Credit: Roger Hamelinck

A sharp view of the starry sky is difficult, because the atmosphere constantly distorts the image. TU/e researcher Roger Hamelinck developed a new type of telescope mirror, which quickly corrects the image. His prototypes are required for future large telescopes, but also gives old telescopes a sharper view.

The atmosphere contains 'bubbles' of hot and cold air, each with their own refractive index, which distort the image. As a result, the light reaching ground-based telescopes is distorted. Hamelinck's system tackles this problem with a deformable mirror in the telescope. Under this ultrathin mirror there are actuators, which can wherever necessary quickly create bumps and dimples in the mirror. These bumps and dimples correct the continuously changing distortion created in the atmosphere. This is of crucial importance to the new generation of large telescopes in particular. Hamelinck: "In principle, larger telescopes also have a higher resolution, but attaining an optimal optical quality is hampered by the atmosphere. Therefore you absolutely need these corrections."

The principle of the 'adaptive deformable mirror' has been known some fifty odd years, but was limited especially by the technology. Thus, the actuators of earlier systems generated much heat, which caused the systems themselves to become a source of distortion. "Contrary to the old systems, this new system has an ultrathin mirror, so that very little power is needed for its deformation ," Hamelinck explains. "In combination with the efficient, electromagnetic reluctance actuators, this reduces the heat generation of the system to a very low level. Thanks to this, no active cooling is required." Hamelinck's working prototype has a five-centimeter diameter. Given that the design is scalable and expandable with modules, the system is suited for very large telescopes, such as the future 42-meter-big E-ELT (European Extra Large Telescope).

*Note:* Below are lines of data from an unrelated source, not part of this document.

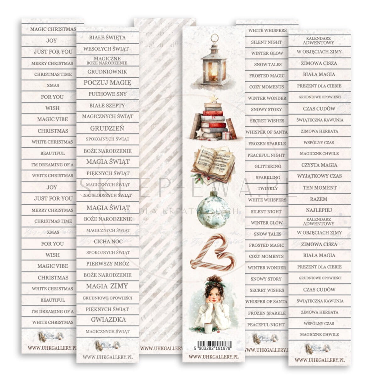 Zestaw White Whispers od UHK Gallery to trzy dwustronne paski pełne delikatnych zimowych motywów i napisów w języku polskim oraz angielskim. Subtelna paleta beży, szarości i śnieżnych bieli tworzy spokojny, magiczny klimat – idealny do świątecznych kartek, albumów i grudniowników.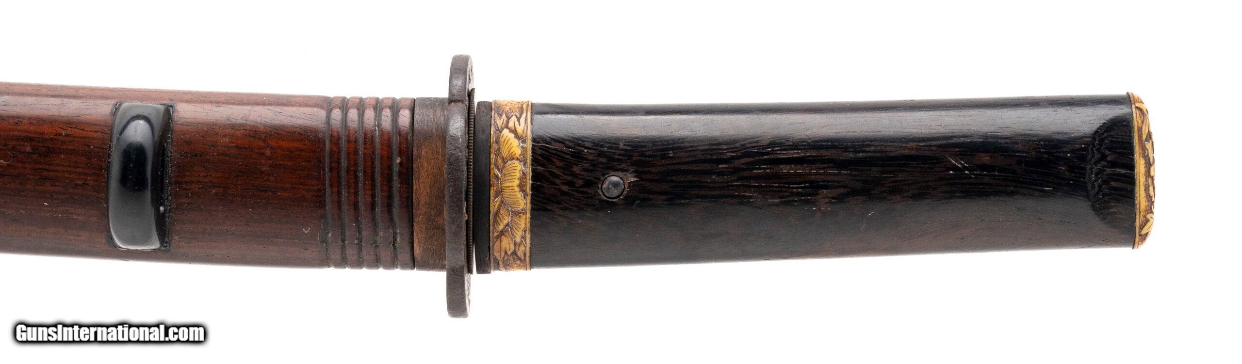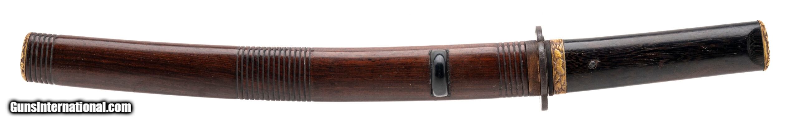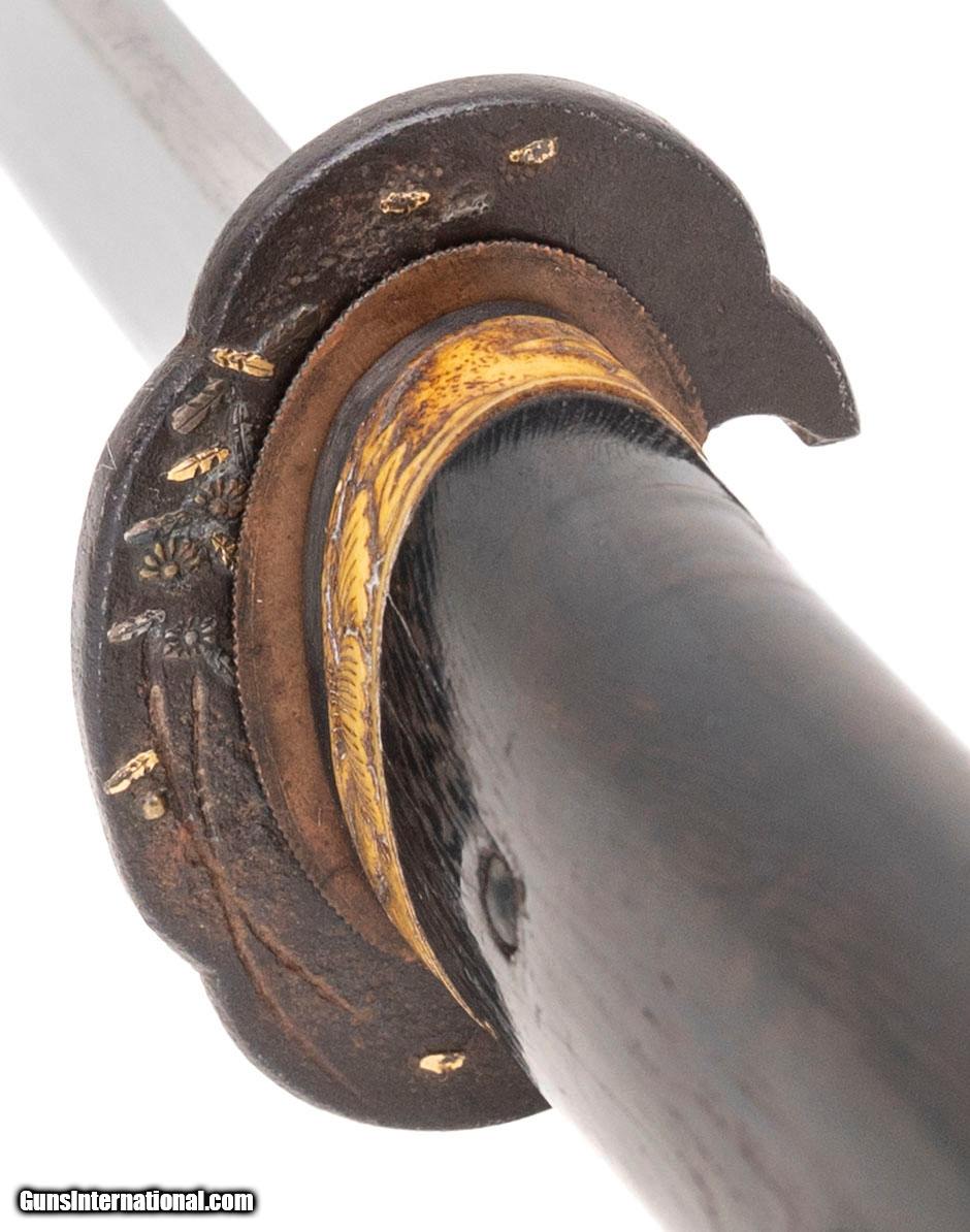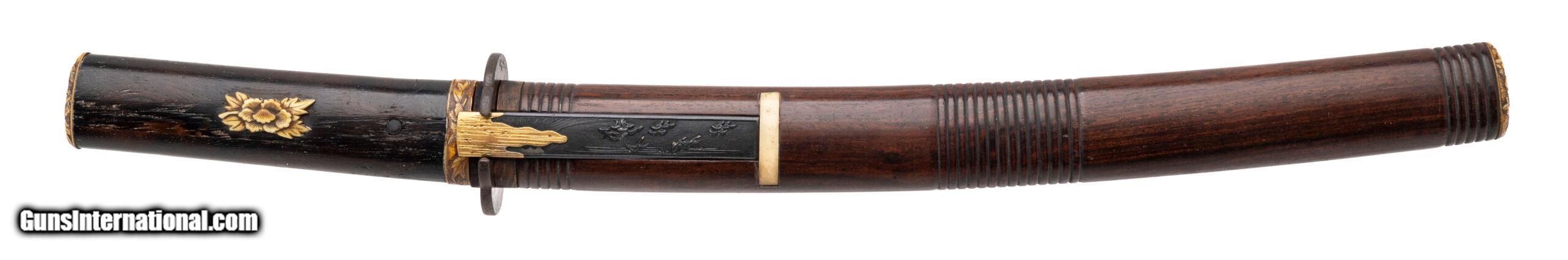 Description: "Blade: A slender ko-tanto with a nagasa of 9.125", straight form (hira-zukuri sugata) with no shinogi ridge. The blade is ubu (unaltered) with two mekugi-ana, and a silver-plated habaki accompanies it. The surface is bright in polish, though somewhat cloudy in places, with a visible straight suguha hamon that is subdued but present along the ha. A few light scratches and areas of surface oxidation are evident, though the edge remains sharp and well defined. Nakago: Ubu with patina appropriate to age, two mekugi-ana, unsigned (mumei). Koshirae (Mounts): The tanto is mounted in fine Edo-period fittings: • Saya: Ribbed lacquer saya in brown with black lacquer sections. The saya includes a kozuka pocket, fitted with a shakudo kozuka decorated with birds among reeds, accented with gilt details and a gilt upper section resembling dripping gold. • Kozuka: Shakudo ground with fine nanako-style texture, decorated with flying birds in takazogan with gilt highlights, capped in gilt with a motif resembling molten gold. Blade (kogatana) present. • Tsuba: Small iron tsuba of irregular mokko-gata form, with simple carved outlines and scattered gold nunome inlay, showing age patina. • Fuchi/Kashira: Dark mounts decorated with gilt floral inlay, with matching gilt kashira cap carved in chrysanthemum motif. • Menuki: Gilt floral ornaments (chrysanthemum) inset into the tsuka. Condition: The blade is bright and healthy, though with a somewhat hazy hamon. Mounts are complete and matching, showing expected wear and lacquer loss, but retain their aesthetic appeal. The kozuka and its detailed workmanship add considerable interest. Remarks: This is an attractive example of a ko-tanto in full Edo-period mounts, notable for its elegant koshirae and inclusion of a decorated kozuka. Its compact size, at just over 9", makes it a classic samurai sidearm. Price: $2,995.00 Contact Seller |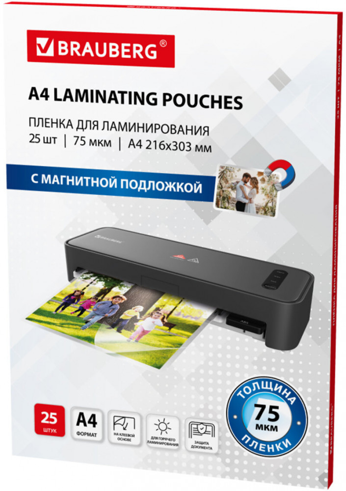 МАГНИТНАЯ пленка для ламинирования BRAUBERG надежно защитит документы от всех внешних воздействий. Благодаря магнитному слою, после ламинирования плёнку можно разместить на магнитной доске в школе, на холодильнике, или другой подходящей поверхности.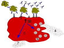 If later exposure to the same allergen occurs, the allergen can bind to the IgE molecules held on the surface of the mast cells or basophils. Cross-linking of the IgE and Fc receptors occurs when more than one IgE-receptor complex interacts with the same allergenic molecule, and activates the sensitized cell. Activated mast cells and basophils undergo a process called degranulation, during which they release histamine and other inflammatory chemical mediators (cytokines, interleukins, leukotrienes, and prostaglandins) from their granules into the surrounding tissue causing several systemic effects, such as vasodilation, mucous secretion, nerve stimulation, and smooth-muscle contraction. This results in rhinorrhea, itchiness, dyspnea, and anaphylaxis. Depending on the individual, the allergen, and the mode of introduction, the symptoms can be system-wide (classical anaphylaxis), or localized to particular body systems.[39]

The E-ELT is fitted inter alia with an adaptive mirror of 2.4 meters.

Research institute TNO is so enthusiastic about Hamelinck's work, that the institute is going to market it. Not only so for new telescopes, but also for existing ones. "It can be built into any telescope in the world," says Ben Braam, business developer Space & Science of TNO. "When you turn on the system, the image is suddenly enhanced. As if it is putting on new spectacles at long last." Affordable spectacles, in Braam's opinion. "I'm thinking in terms of fifty to one hundred thousand euro. Which is relatively cheap for that world."

Admittedly, the system does not correct for everything. Clouds continue to be a problem, for example. Consequently the best places for telescopes are still locations where one can enjoy a clear, cloudless sky most of the time. That would exclude the Netherlands, then.


Story Source:

The above post is reprinted from materials provided by Eindhoven University of Technology. Note: Materials may be edited for content and length.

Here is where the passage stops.